__WORK INSTRUCTION__
Begin at the line containing "要知道,截至今年12月,69" in the records below, end at the line containing "Muscle pain relieving", and retype each line in that span exactly. No other line and no image should appear.

__PROVIDED DATA__
##############################

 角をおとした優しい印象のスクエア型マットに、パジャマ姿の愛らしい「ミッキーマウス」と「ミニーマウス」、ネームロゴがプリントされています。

##############################

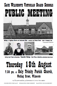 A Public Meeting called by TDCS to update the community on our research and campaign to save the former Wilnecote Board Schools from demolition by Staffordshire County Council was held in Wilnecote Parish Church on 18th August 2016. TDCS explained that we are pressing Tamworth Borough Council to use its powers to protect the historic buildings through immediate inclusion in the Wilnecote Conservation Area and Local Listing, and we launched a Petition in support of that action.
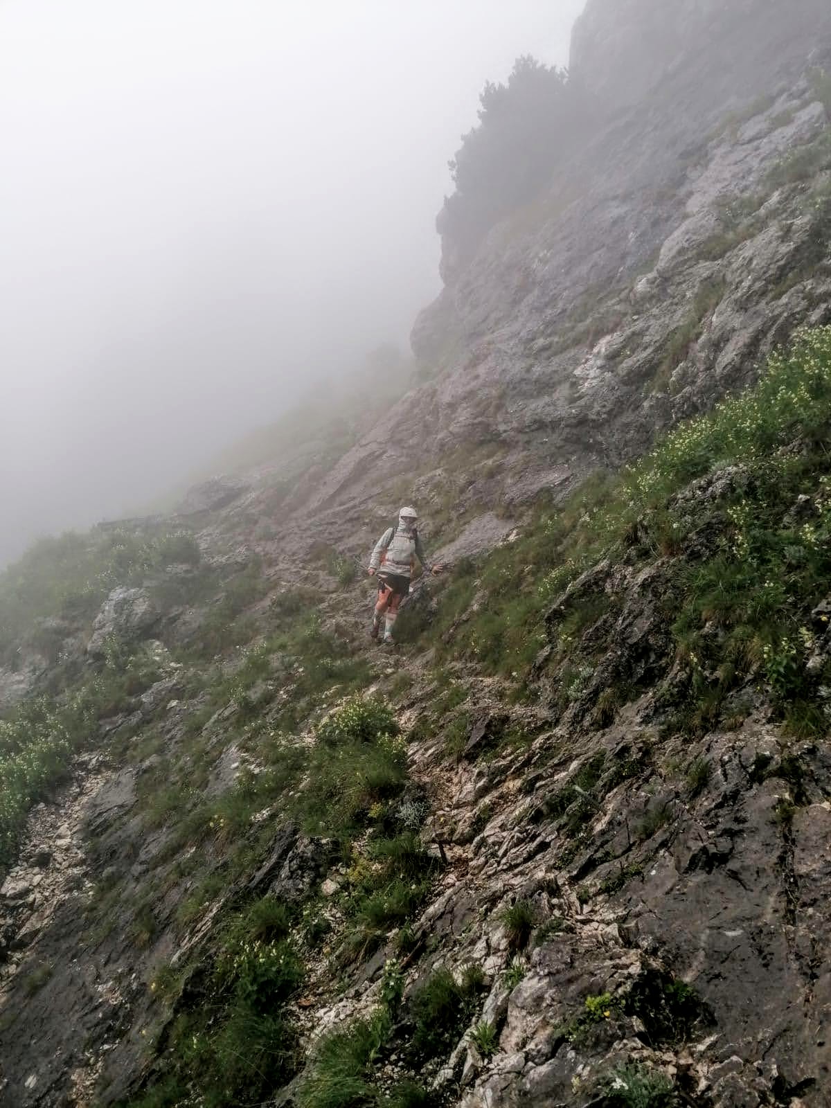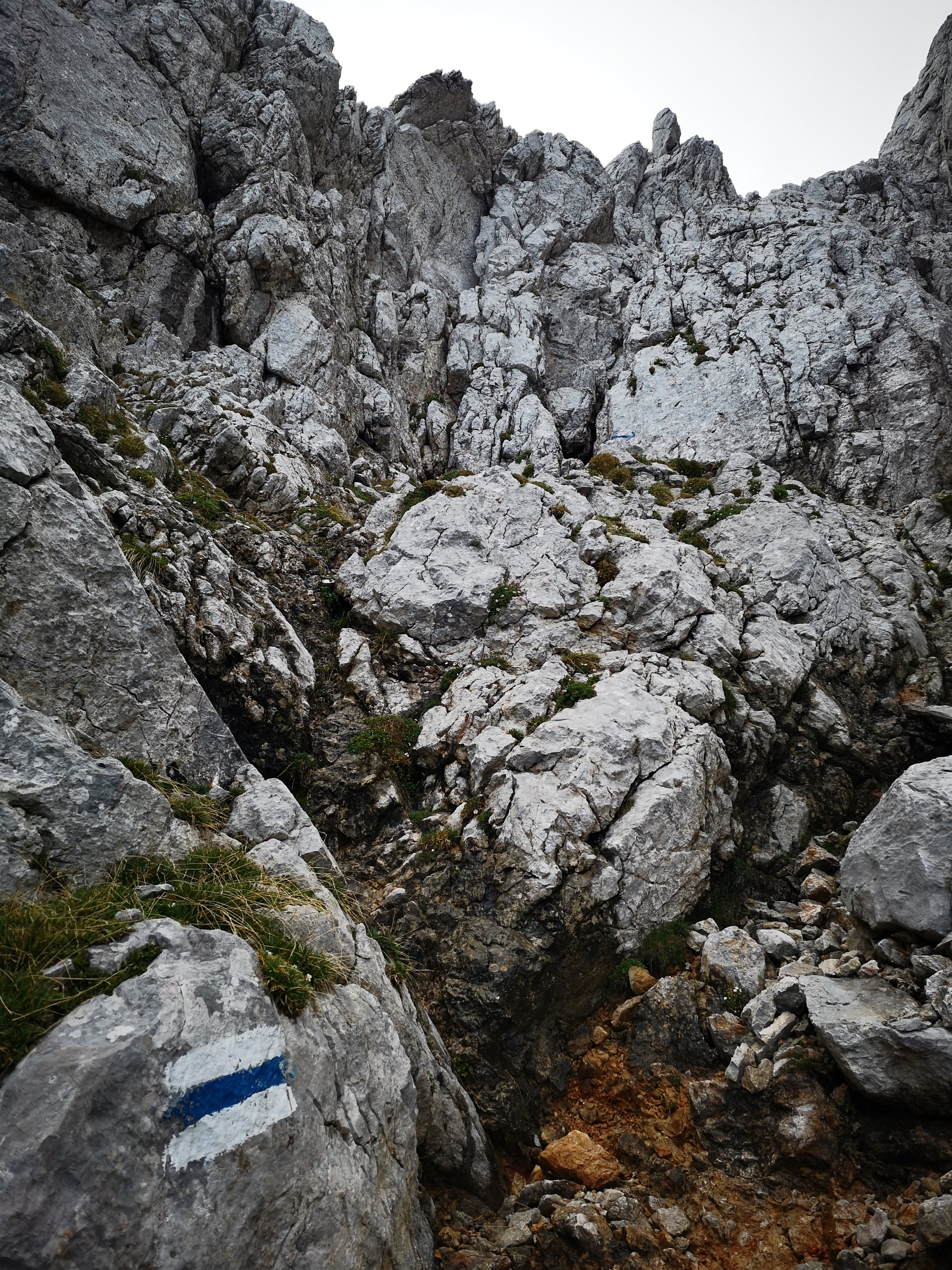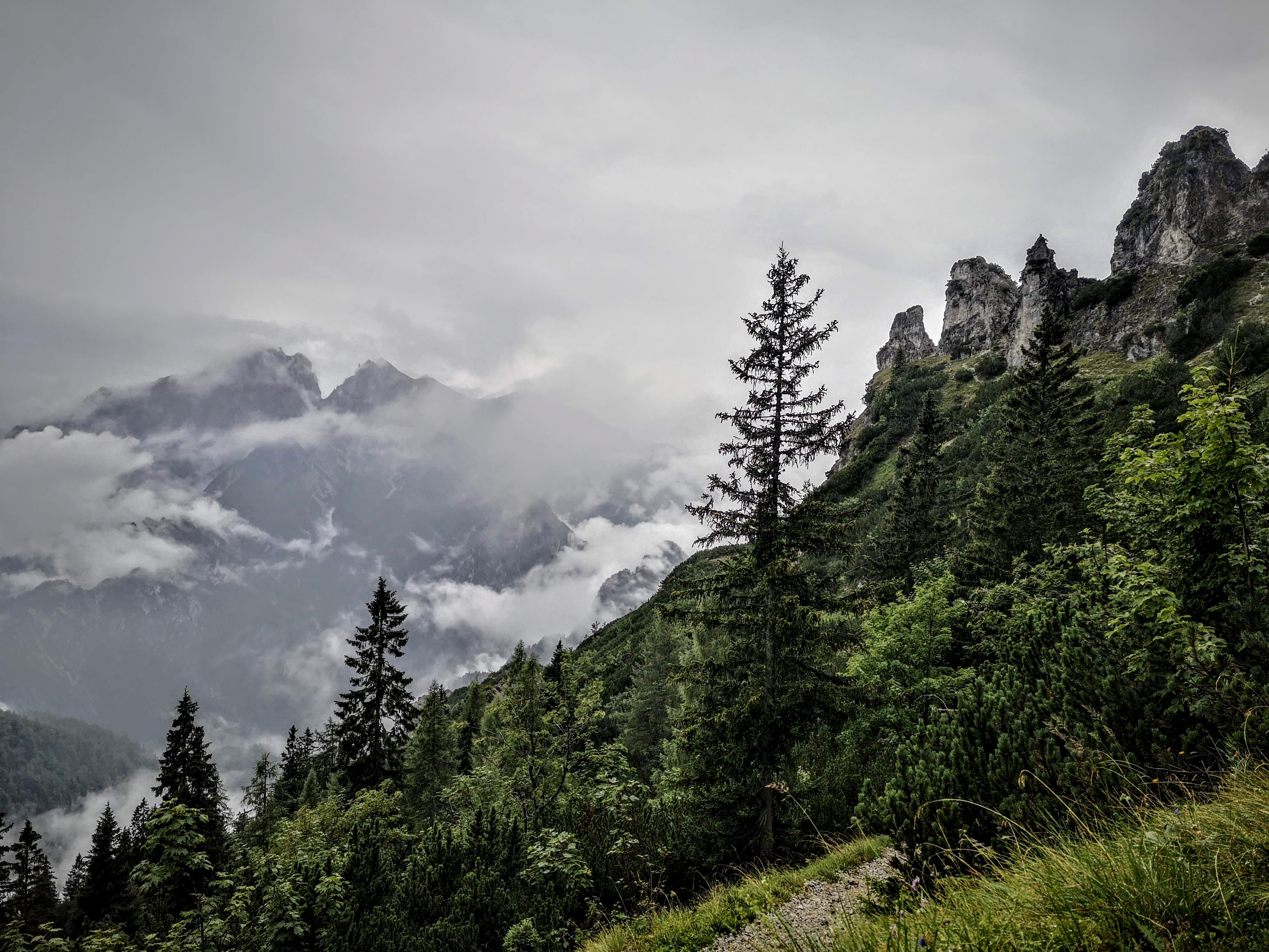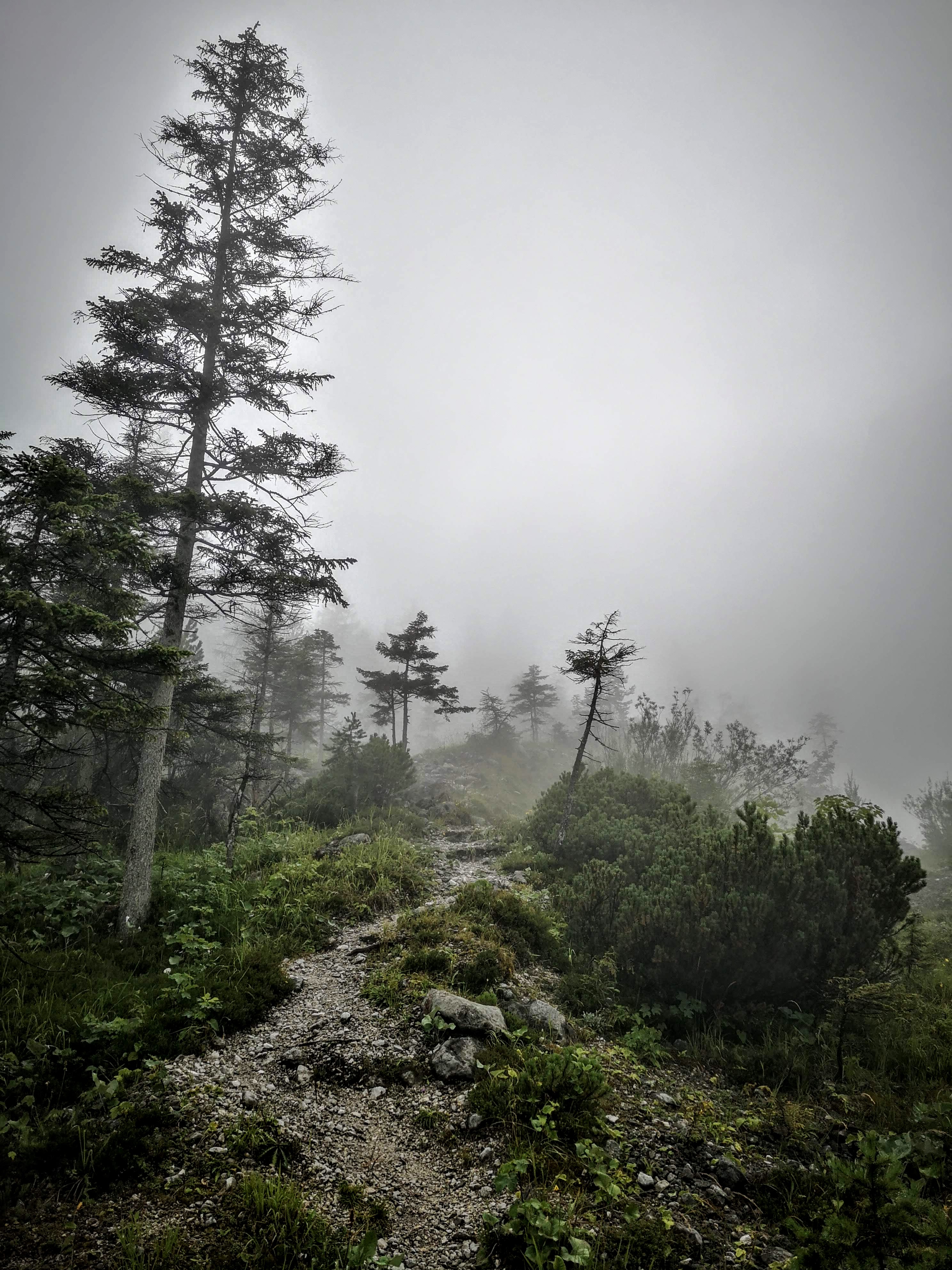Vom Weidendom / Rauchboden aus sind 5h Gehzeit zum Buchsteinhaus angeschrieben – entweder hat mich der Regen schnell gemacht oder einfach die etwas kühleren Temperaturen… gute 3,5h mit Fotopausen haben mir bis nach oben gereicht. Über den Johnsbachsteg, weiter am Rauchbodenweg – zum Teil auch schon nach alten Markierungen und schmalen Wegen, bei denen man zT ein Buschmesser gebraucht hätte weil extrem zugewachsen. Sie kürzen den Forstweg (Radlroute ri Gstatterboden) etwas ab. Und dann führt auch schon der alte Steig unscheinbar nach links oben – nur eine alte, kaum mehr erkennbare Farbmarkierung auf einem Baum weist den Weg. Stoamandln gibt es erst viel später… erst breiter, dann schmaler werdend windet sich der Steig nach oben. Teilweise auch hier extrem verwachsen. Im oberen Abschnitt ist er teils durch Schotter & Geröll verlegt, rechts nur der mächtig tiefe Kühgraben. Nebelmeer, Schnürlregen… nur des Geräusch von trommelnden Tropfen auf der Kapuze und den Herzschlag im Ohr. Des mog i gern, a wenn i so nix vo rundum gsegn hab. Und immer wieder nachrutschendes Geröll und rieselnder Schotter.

##############################

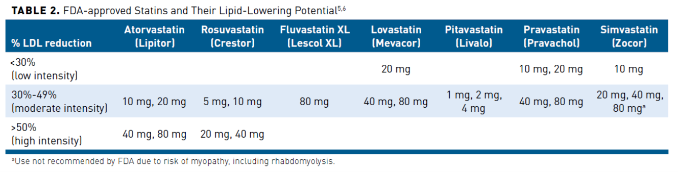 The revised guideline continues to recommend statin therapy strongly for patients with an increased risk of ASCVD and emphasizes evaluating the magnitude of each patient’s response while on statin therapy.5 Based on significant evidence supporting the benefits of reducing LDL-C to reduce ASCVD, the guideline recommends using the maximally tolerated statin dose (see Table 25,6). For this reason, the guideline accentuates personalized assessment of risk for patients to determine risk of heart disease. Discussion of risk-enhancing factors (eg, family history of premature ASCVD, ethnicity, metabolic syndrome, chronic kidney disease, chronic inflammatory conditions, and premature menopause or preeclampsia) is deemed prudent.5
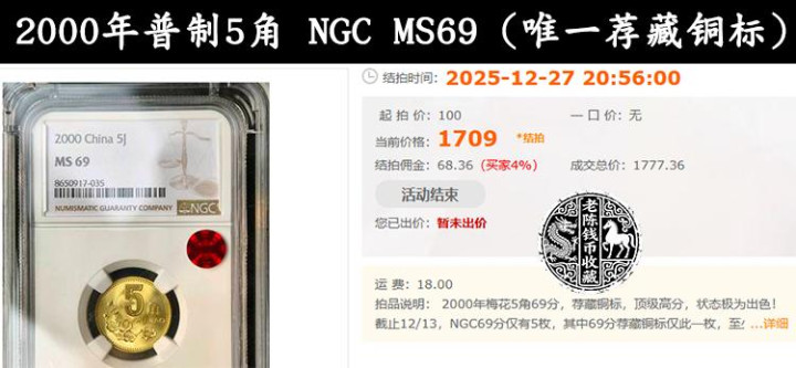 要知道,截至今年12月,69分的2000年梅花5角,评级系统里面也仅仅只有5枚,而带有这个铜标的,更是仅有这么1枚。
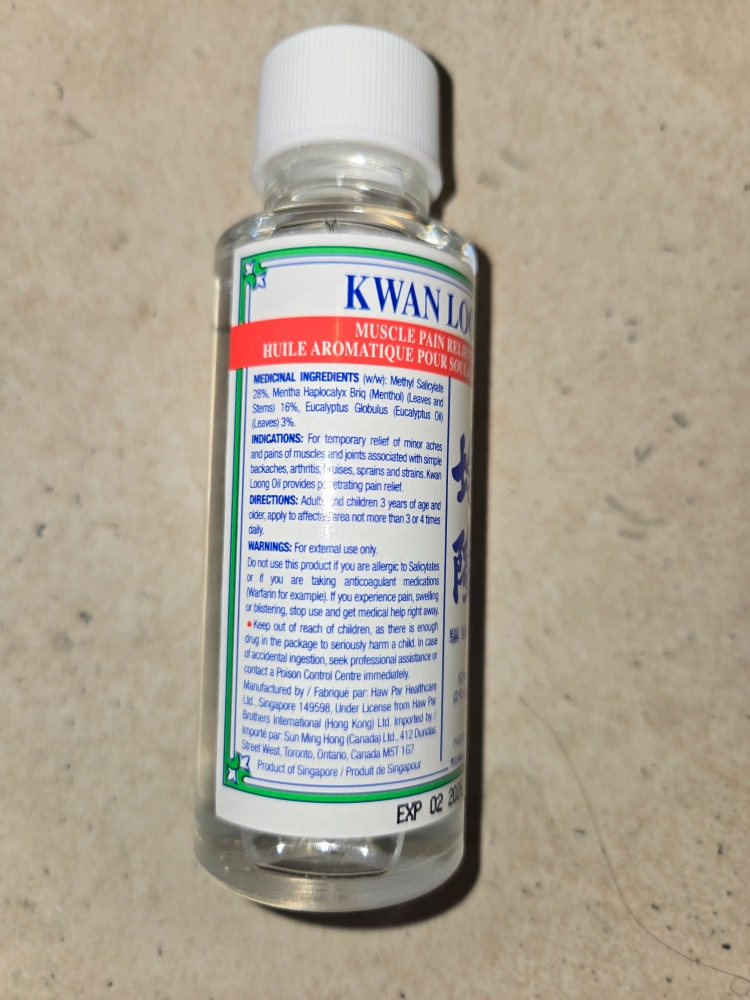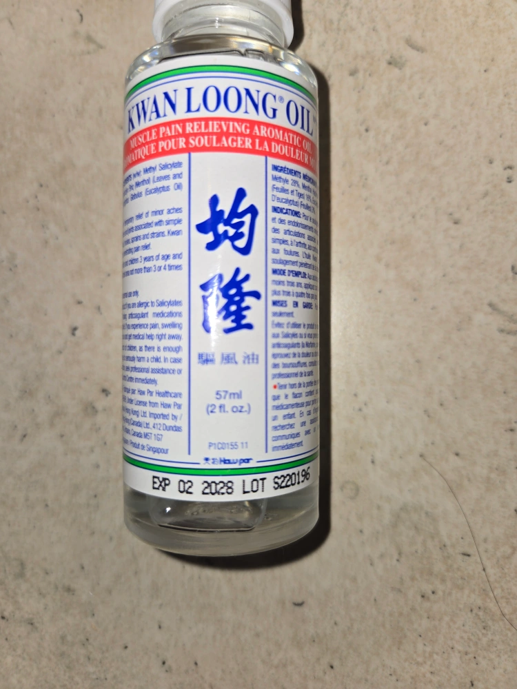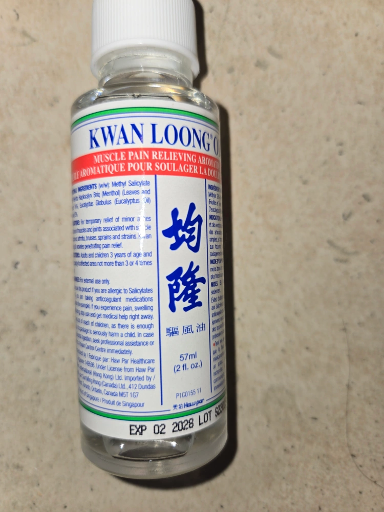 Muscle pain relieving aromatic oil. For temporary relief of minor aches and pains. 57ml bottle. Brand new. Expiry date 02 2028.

##############################

__WRITTEN ANSWER__
 要知道,截至今年12月,69分的2000年梅花5角,评级系统里面也仅仅只有5枚,而带有这个铜标的,更是仅有这么1枚。
 Muscle pain relieving aromatic oil. For temporary relief of minor aches and pains. 57ml bottle. Brand new. Expiry date 02 2028.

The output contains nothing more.